• _Activity_:
Give again only the lines from the line that holds "Bild: 11 Ansicht Türverkleidung vorn links" to the end of the data, inclusive, omitting all pictures.

BEGIN Recorded data

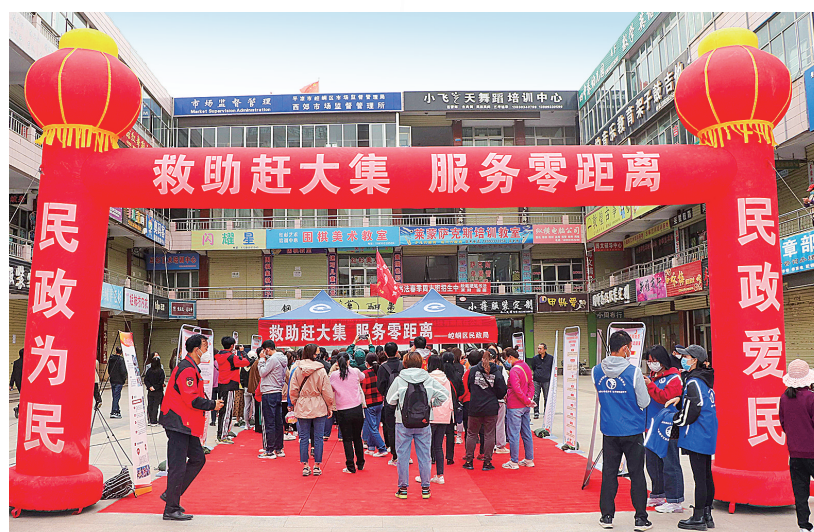
平凉市崆峒区开展“救助赶大集,服务零距离”民政政策大宣讲活动。

积极发展慈善事业。全省慈善组织由2019年的182家发展到目前的288家,实现慈善组织县域全覆盖;慈善信托累计备案162单,备案金额达8.63亿元,位居全国第三。依法治善成为常态。建
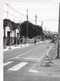
バリアフリー化整備が進む栄中央通り
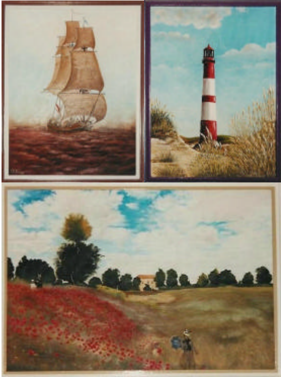
Bilder von Hans-Joachim Mertke Fotos: Manuela Vollbrecht
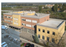
ISTITUTO COMPRENSIVO G.B. GRASSI
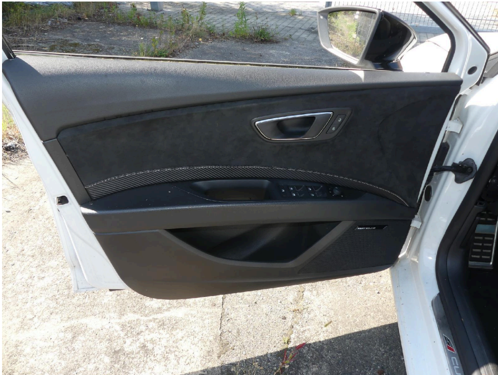
Bild: 11 Ansicht Türverkleidung vorn links
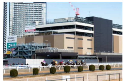
川崎競馬場内馬場からの外観
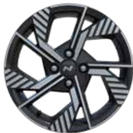
16-inch lichtmetalen velg 'N Line'

END Recorded data

• _Answer section_:
Bild: 11 Ansicht Türverkleidung vorn links
川崎競馬場内馬場からの外観
16-inch lichtmetalen velg 'N Line'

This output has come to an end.